Annotation

Annotation of the AgamP3 assembly was carried out by VectorBase. The set of gene models presented (genebuild 4, released June 2007) combines manual annotation of chromosome arm 2L, data provided by the research community, and gene prediction using the Ensembl system. Prediction utilised alignments of dipteran and other protein sets to the genome and generation of GeneWise models, alignment and gene prediction based on Anopheles ESTs, and selected ab initio predictions. 'Known' genes are those which could be named using entries from the community gene symbol database or from UniProt. More details can be found at VectorBase.

New Identifiers

From genebuild 4, VectorBase stable identifiers for genes, transcripts and proteins are used instead of Ensembl-style identifiers. All VB identifiers for Anopheles gambiae begin with the 4 letters AGAP. The same numeric value is used for a gene and all its products. Alternative products of a single gene have suffixes ending A, B, C etc.

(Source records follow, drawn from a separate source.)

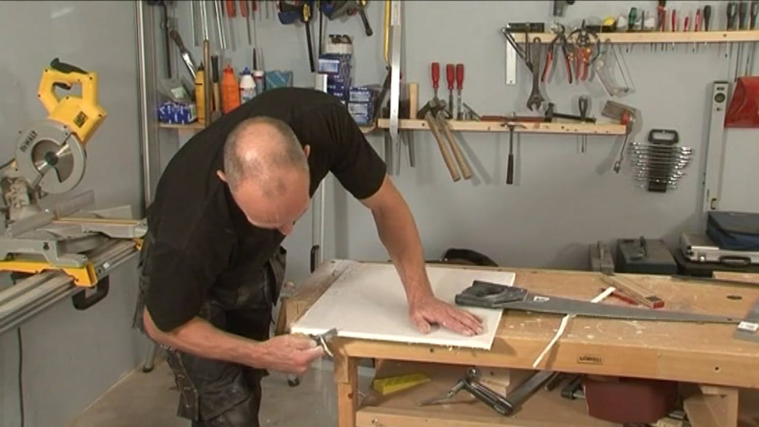 En tumstock, en gipshyvel, en snickarpenna, ett måttband, en timmermansvinkel och en hobbykniv. Mer behövs inte för att man ska kunna kapa och forma skivan som man vill. Det är exempelvis mycket lättare att kapa ett fint snitt i en gipsskiva än vad det är att såga till en fanerskiva.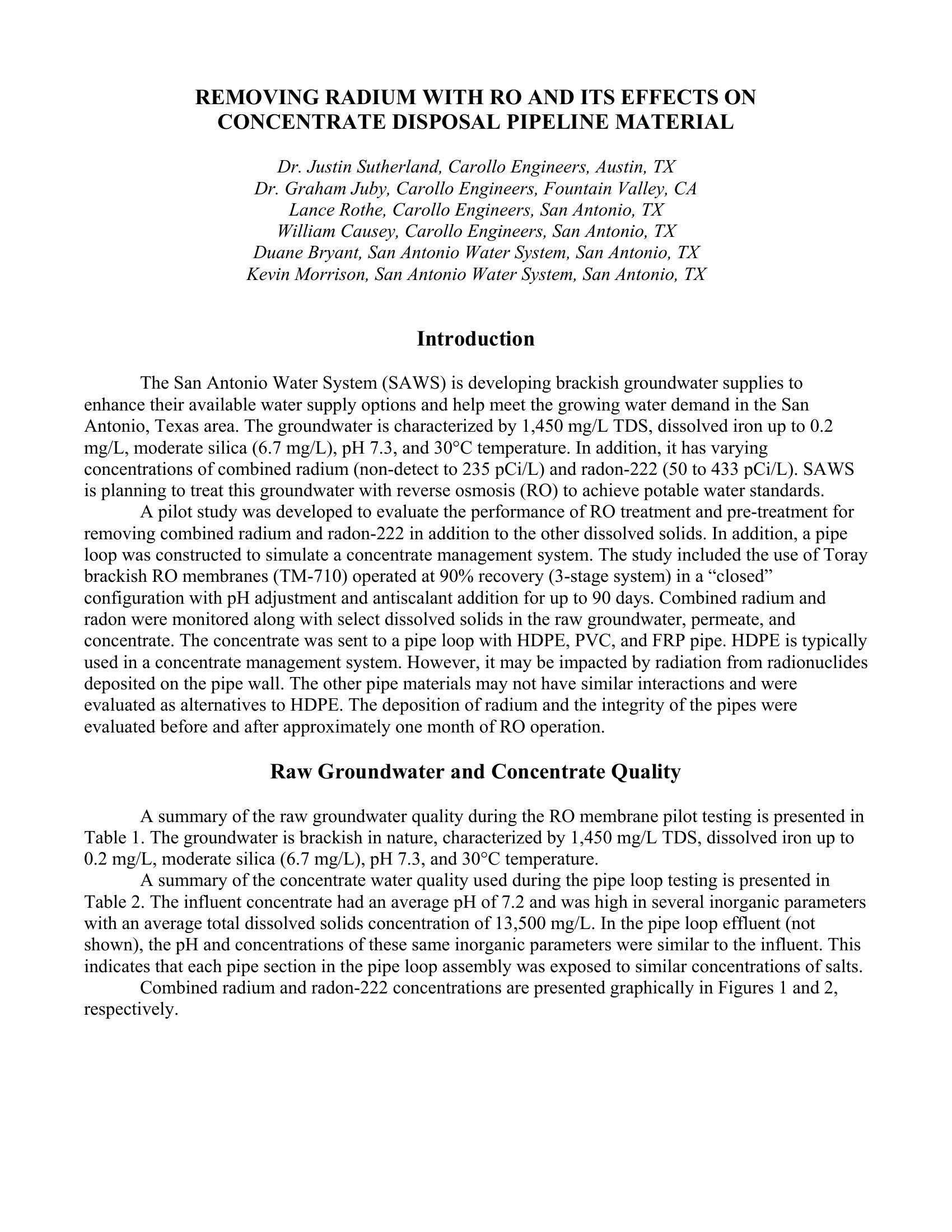 The San Antonio Water System (SAWS) is developing brackish groundwater supplies to enhance their available water supply options and help meet the growing water demand in the San Antonio, Texas area. The groundwater is characterized by 1,400 mg/L TDS, dissolved iron up to 0.7 mg/L, moderate silica (9 mg/L), pH 7.3, and 30¯C temperature. In addition, it has varying concentrations of combined radium (non-detect to 235 pCi/L) and radon-222 (50 to 433 pCi/L). SAWS is planning to treat this groundwater with reverse osmosis (RO) to achieve potable water standards.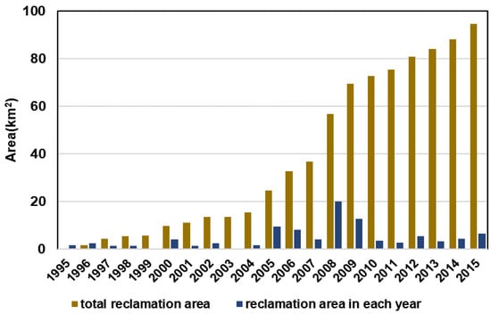 The changes in reclamation area from 1995 to 2015, based on Lu et al. [].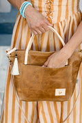 Less is more when it comes to cleaning your leather bag or canvas bag. Simply blot the undesired spot immediately with a dry white cloth to absorb the moisture. Avoid rubbing. If needed, mix mild dish soap with water (3:1 ratio) to blot the area. Keep in mind, the stain will look its worst on the day of the incident, but over time, the stain will disperse through the protein fibers and become part of the beautiful worn in look.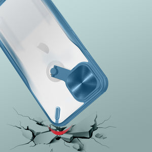 The cover consists of two connected parts. The PC back panel is stiff and is responsible for the stability of the entire cover. The flexible TPU frame covers the sides of the phone, absorbs impact energy and protects the screen and camera by protruding above the edge of the device.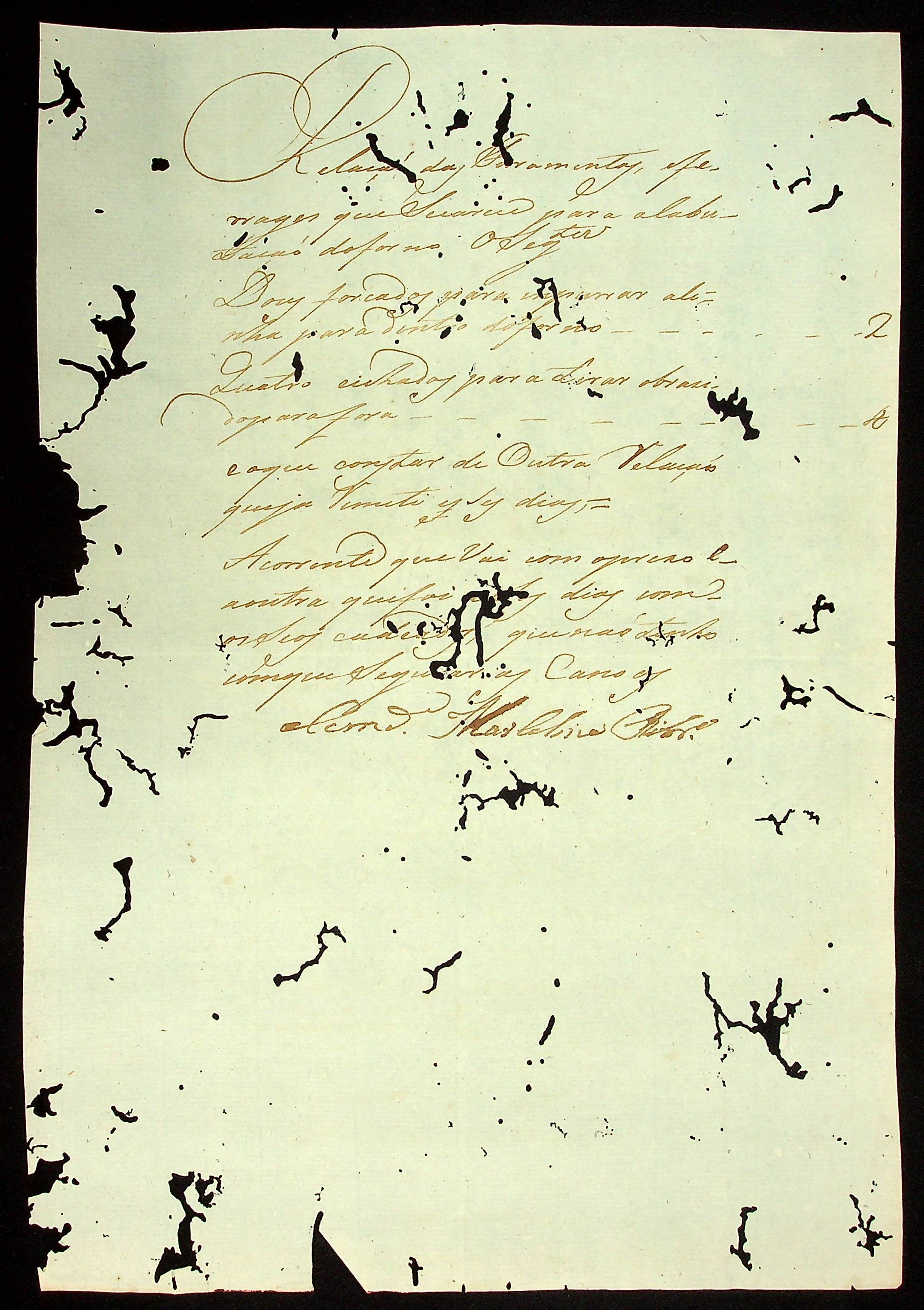 RELAÇÃO das ferramentas e ferragens que servirão para a labutação do forno, pelo [Tenente e Comandante] Marcelino Ribeiro.

Ensembl-style identifiers in the previous genebuild have been mapped where possible to the new identifiers. The web browser page IDHistoryView summarises relationships between old and new identifiers. This page can be reached by clicking the 'ID history' link at the left of each gene view page or from the search results for an unmapped old-style identifier.

Example: Gene CPR34 has the VB identifier AGAP006864, with transcript AGAP006864-RA and protein AGAP006864-PA. The corresponding old identifiers were gene ENSANGG00000020866, transcript ENSANGT00000023320 and protein ENSANGP00000024283.